**RAW DATA**
* * * *
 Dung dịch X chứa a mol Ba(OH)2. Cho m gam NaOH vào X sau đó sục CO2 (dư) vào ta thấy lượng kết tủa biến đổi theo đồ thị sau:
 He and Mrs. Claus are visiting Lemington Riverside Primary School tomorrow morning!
* * * *
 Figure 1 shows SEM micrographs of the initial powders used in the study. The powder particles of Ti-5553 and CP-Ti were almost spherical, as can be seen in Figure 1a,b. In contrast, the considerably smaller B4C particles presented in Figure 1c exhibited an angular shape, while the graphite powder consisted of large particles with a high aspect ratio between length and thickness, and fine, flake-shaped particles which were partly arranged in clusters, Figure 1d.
* * * *
**WHAT IS REQUIRED**
Output the lines above exactly, but only those between the line holding "Dung dịch X" and the line holding "He and Mrs.", inclusive.

**SOLVED EXERCISE**
 Dung dịch X chứa a mol Ba(OH)2. Cho m gam NaOH vào X sau đó sục CO2 (dư) vào ta thấy lượng kết tủa biến đổi theo đồ thị sau:
 He and Mrs. Claus are visiting Lemington Riverside Primary School tomorrow morning!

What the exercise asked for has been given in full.